Lundi soir, une source gouvernementale a en outre indiqué à l'AFP que l'exécutif voulait que les Français revenant de Syrie soient soumis à «un visa de retour» et puissent se voir imposer «des conditions de surveillance draconiennes à leur retour», comme une «assignation à résidence».

L'enquête avance 

Lundi, l'enquête s'est accélérée, notamment du côté des ramifications belges. Deux suspects ont été inculpés à Bruxelles mais une vaste opération policière dans la commune populaire bruxelloise de Molenbeek n'a pas permis d'appréhender un suspect-clé, Salah Abdeslam, toujours traqué.

C'est ce jeune homme de 26 ans qui a loué une Polo noire, immatriculée en Belgique, retrouvée garée devant la salle de spectacle du Bataclan, où 89 personnes ont péri.

Les attentats ont été «décidés, planifiés en Syrie, organisés en Belgique», et «perpétrés avec des complicités françaises», a résumé M. Hollande.

Cinq des sept kamikazes ont été identifiés. Quatre d'entre eux sont des Français, âgés de 20 à 31 ans, et au moins trois auraient séjourné en Syrie au cours des dernières années.

Omar Ismaïl Mostefai et Samy Amimour, qui seraient tous deux passés par la Syrie, sont morts au Bataclan. Bilal Hadfi, un Français, et un autre kamikaze auprès de qui un passeport syrien au nom d'Ahmad al-Mohammad a été retrouvé, font partie des trois hommes qui se sont faits exploser près du Stade de France, au nord de Paris.

Le cinquième homme identifié est Brahim Abdeslam, frère de Salah Abdeslam, qui s'est fait exploser devant un café sur un boulevard de l'Est parisien.

Les enquêteurs s'intéressent par ailleurs à Abdelhamid Abaoud, Belge de 28 ans, déjà considéré comme le cerveau d'attaques déjouées en janvier à Verviers en Belgique. Soupçonné d'être un membre très actif du groupe EI, résidant en Syrie, l'homme, qui a aussi séjourné à Molenbeek, était en contact avec au moins un des frères Abdeslam.

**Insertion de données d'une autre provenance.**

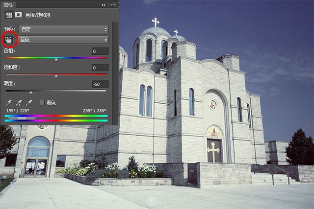 一、添加一个“色相/饱和度”调整图层。单击带有左右箭头的小手图标,然后在图像中的蓝色天空区域单击。将明度调整到-50,使天空变暗。

Par ailleurs, la découverte par les enquêteurs français que les empreintes d'un des kamikazes correspondaient avec celles d'un homme contrôlé le mois dernier en Grèce, dans un flux de migrants, a commencé à susciter des déclarations anti-migrants.

Les «terroristes ont exploité les migrations de masse» en cours depuis des mois vers l'UE, a estimé le Premier ministre populiste hongrois Viktor Orban, défendant le droit des Européens à «l'autodéfense».

Au G20 en Turquie, le président américain Barack Obama a appelé à éviter les amalgames entre «réfugiés» et «terrorisme»: «Les gens qui fuient la Syrie sont ceux qui souffrent le plus du terrorisme (...) Il est très important que nous ne fermions pas nos coeurs aux victimes d'une telle violence».